Cindy Allen -- Interior Design, 10/1/2010 4:22:00 PM

Cindy AllenYou've heard those old wives' tales about the effects of the harvest moon. It seems that design and architecture may be guilty of following lunar phases, too. With magnificent flows, if occasional ebbs, tide levels vary dramatically from place to place over time. Nevertheless, our October issue manages to capture the high-water marks around the world, from the West Coast to South Africa. Our selection includes a tsunami of forms: educational, cultural, residential,
rec­reational, and more. 


But it's when our camera crew crosses the threshold that the storytelling becomes most essential.
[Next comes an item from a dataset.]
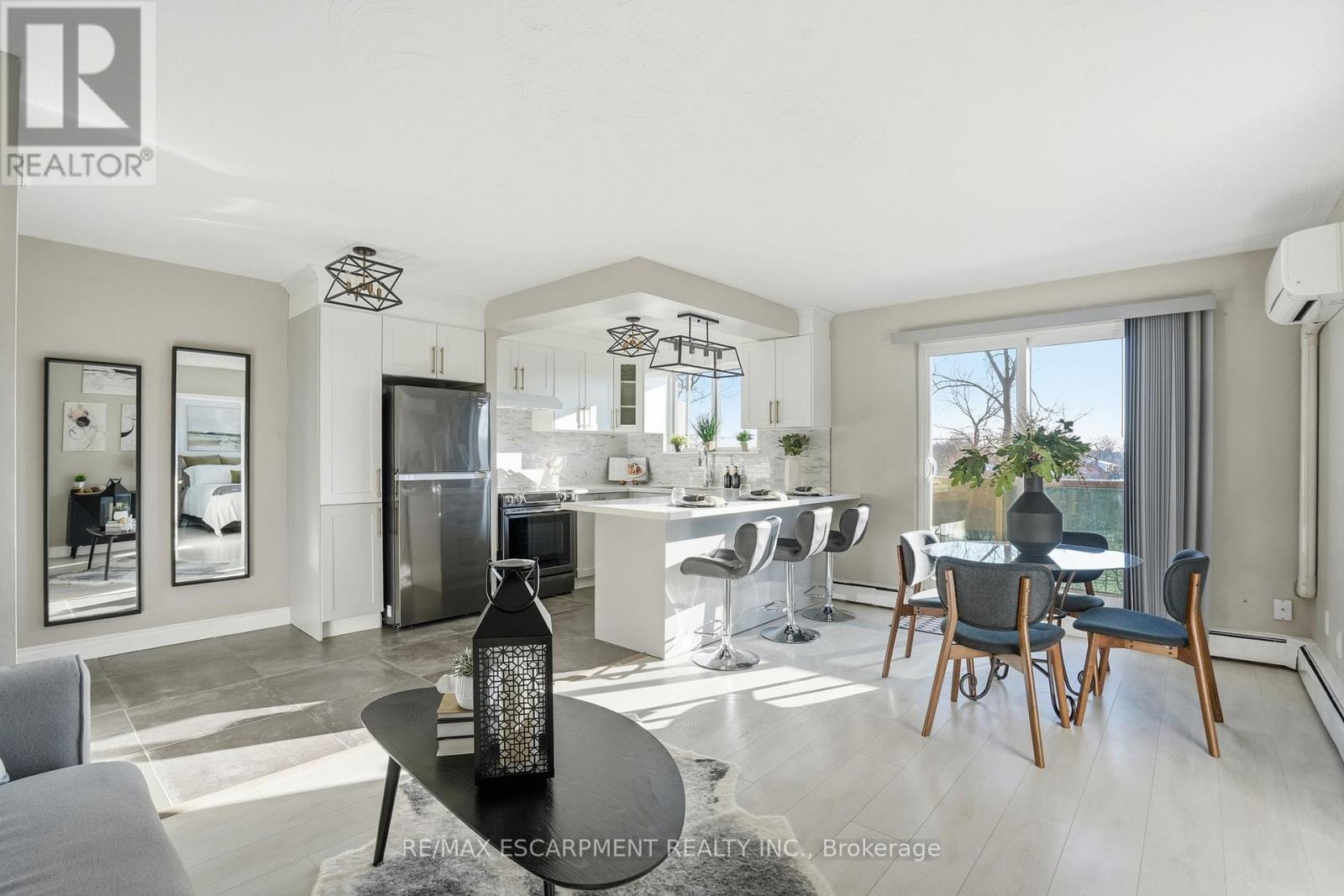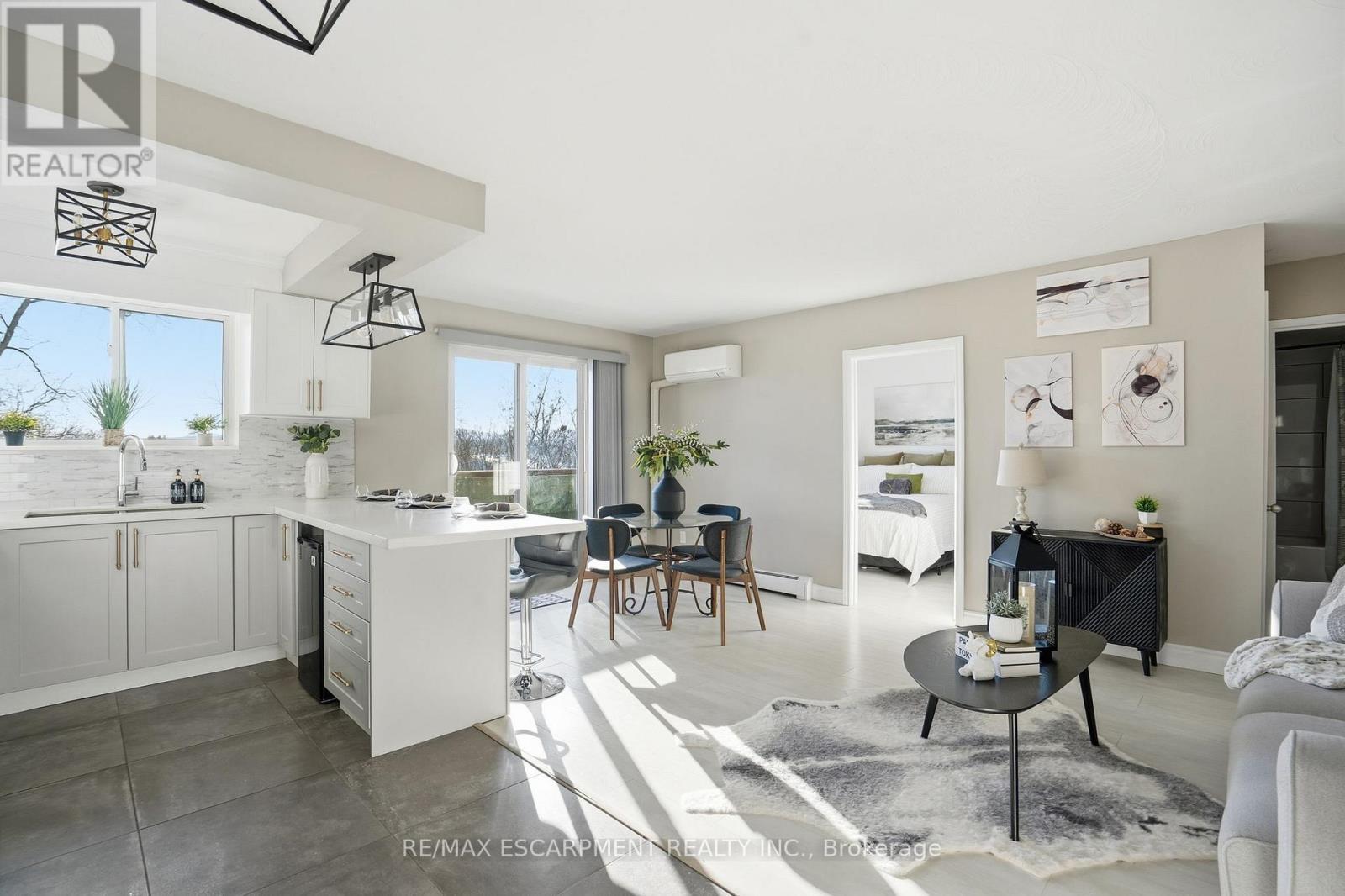 Welcome to this beautifully renovated condo apartment in the highly desirable Bartonville-Glenview neighbourhood of East Hamilton. Offering a comfortable, low-maintenance lifestyle, this move-in-ready unit with an owned storage locker, presents a rare combination of modern updates, peaceful surroundings, and exceptional views-ideal for first-time buyers, downsizers, or investors. The thoughtfully renovated interior features carpet-free living throughout, stone countertops, a functional breakfast bar, and one of the few units in the building with built-in air conditioning, creating a bright, modern space ideal for everyday living and entertaining. Large windows and a massive private balcony extend the living space outdoors and showcase an exceptional scenic view overlooking the tree-lined skyline of the Red Hill Valley Bowl, offering a peaceful green backdrop and a rare connection to nature seldom found in condo living. Enjoy nearby green spaces, including Red Hill Valley Trail across the street providing scenic walking and biking trails throughout the Red Hill Valley. Commuters will appreciate easy access to major routes including the Red Hill Valley Parkway, the LINC, QEW, and Highway 403, making travel across Hamilton and into the GTA efficient and stress-free. Public transit, shopping, restaurants, and essential amenities are all nearby along King Street East, Queenston Road, and Centennial Parkway. Surrounded by parks, schools, and community services, this location offers a peaceful residential setting enhanced by stunning tree-lined valley views, while remaining minutes from downtown Hamilton, Stoney Creek, and major employment hubs. A fantastic opportunity to own in a well-established East Hamilton neighbourhood known for its accessibility, natural surroundings, and lifestyle appeal. (id:64974)

The plain white monolithic exterior of an academic building at a Portuguese polytechnic offers few clues that architect Nuno Montenegro has filled it with phantoms and riddles. Look­­ing at the skyline in San Francisco, would you guess that the tippy top of the Chronicle Building is now home to a YouTube founder's duplex by Joel Sanders and Melissa Winn? From the sidewalk in front of a 19th-century building in New York, you'd never dream that the apartment visible through the ground-floor windows then proceeds to zigzag down, level after level, in a brilliant performance by Work AC. Nor would you have any idea that the family of fashion designer Lela Rose lives there. (Unless you saw her son selling ice cream out the window.)


Yes, interiors are our flagship subject, and soundings taken from our prow are the best gauge of the depth of design of all kinds. The stylistic variety and razor-edged creativity of the work in every issue of this magazine are truly fathomless.


Welcome aboard.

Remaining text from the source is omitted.